12 Maddelik seçim bildirgesiyle 11 Maddelik seçim bildirgesi yayınlayan Cumhur İttifak'na cevap veren Millet İttifakının baş aktörü CHP'nin de sık sık dile getirdiği ve ülkelerine gönderilmesi gerektiğine dikkat çektiği Suriyeliler yine olay oldu.
Tam da ben,m CHP'nin İBB Adayı Ekrem İmamoğlu ile görüşüp, 98. yıl dönümünü kutlayacağımız Ardahan'ın gecesine davet edip, döndüğüm Esenyurt'ta.
Gece saatleriydi. Gelen görüntülü haber ile Suriyeliler ile Esenyurrtluların karşı karşıya geldiğini ve olayın çok büyük olduğunu bana anlatan habere bakıp, izlerken aklıma Ay Çiçekleri ile süslü Esenyurt dönemleri geldi.
Çünkü, başta 12 Eylül cuntasını yaptıktan sonra kışın ortasında Ardahan'a gelip, düzenlediği miting'te üşüyüp, 'Ya kardeşim burada yaşanır mı?' dedikten hemen sonra Doğu'da yaşanamayacağına karar kılan ve hala devam eden göç olgusunu başlatıp, İstanbul'a gelip, Ay Çiçekli Esenyurt'u gece kondu kültürü ile adeta işgal eden biz doğuluların sonra da Kürt olarak dışlanmalarını hatırlıyordum.

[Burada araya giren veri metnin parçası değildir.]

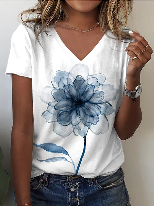V neck Floral Casual Short Sleeve T-Shirt MMq14
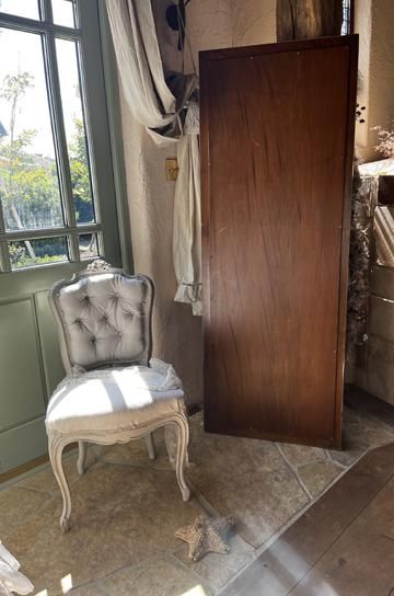 年月を経過し古びた風合いのカーヴィングにフランスらしいマットなグレーペイントがシャビーシックな雰囲気です。

Yani dün Doğu'dan gelip, Kürt olarak dışlanan bizlerin durumunu ortaya koyan aynı durum bu kez Suriyelilere yaşatılıyordu.
Evet, bugün sayıları 4 milyonu bulduğu ve seçimlerde oy kullandırılacağı iddia edilen Suriyeliler ile bazı Esenyurtluların kavgasını büyütüp, proveke etmek isteyenler dün de biz doğululara, Kürt diye dışlayanlar bu kez de Suriyelilere karşı ortaya koydukları oyunu sergiliyordular.
Ve dün doğulu ardından Kürt dediklerinin düğünlerini mana edip, kavgalar çıkaranların da aslında birer Suriyeli olduklarını unutuyordular.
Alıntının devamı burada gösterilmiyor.